A statuesque blonde strolled by me in the parking lot today.  Maybe forty years old she had a lithe body attired in black tank top and lycra leggings, sweater casually knotted at her hips.  I envied her relaxed gait and perfect posture. Her confidence was magnetic.  She cared not at all how anyone looked at her and because of that people looked.

I went blonde once on the age old theory that it would be more fun.  My husband really liked it which brought a few perks. Overall though, I did not feel more elegant.  I was not instantly more attractive.  It was not an uplifting change. The mirror just reflected a platinum head of hair.  Far from feeling like a model,  I suddenly experienced the urge to snap chewing gum and take orders in a fifties diner.  I felt silly and artificial.  I felt uncomfortable.

I am not a beauty snob. I  wear makeup. I have no problem with any hair color or clothing style. We all try different things.  I have spent money, more than I will ever admit, and time on silly feminine foibles. My skin is pale and my siblings naturally have much lighter hair than I.  Going blonde should have been a great experience.  It just wasn’t. This look didn’t fit.

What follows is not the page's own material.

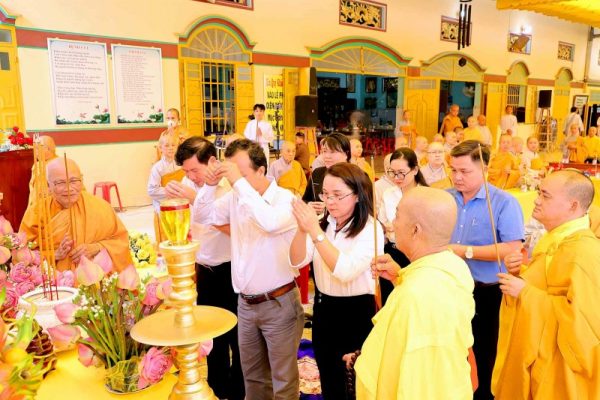 Về phía quan khách có: Bà Lê Huỳnh Lê – Phó Bí thư Đảng ủy xã Thường Tân; ông Phạm Ngọc Uy – Chủ tịch UBMTTQVN xã; ông Lê Văn Hưng – Phó Chủ tịch HĐND xã; ông Lê Văn Tưởng – Phó trưởng Ban Pháp chế HĐND xã; bà Huỳnh Thị Mỹ Trâm – Bí thư Chi bộ ấp Suối Sâu; bà Ngô Thị Hồng Vân – Đảng Ủy viên, Phó Chủ tịch Ủy ban MTTQVN xã Bắc Tân Uyên; bà Thái Hồ Tuyết Minh – Phó ban Văn hóa Xã hội HĐND xã; bà Vũ Thị Kim Phượng – Phó ban Kinh tế Ngân sách HĐND xã và đông đảo quý Phật tử gần xa đồng tham dự buổi lễ.

I am a natural brunette.  I admit sometimes I add a little auburn now that grey has begun sneaking in.  Darker hair suits me, at least to my own eyes.  Because I like it I feel more confident.  I feel more myself.  I do not have perfect posture or an enviable figure.  But I do have my wit, and humor and compassion.  I am intelligent and purposeful.  I like myself.  Like the lady I passed today I too walk with a spring in my step.  I won’t be sporting the lycra look in public any time soon, but I am glad I got to share a smile with someone today who really wears that look well.  And she smiled back, at little old brunette me.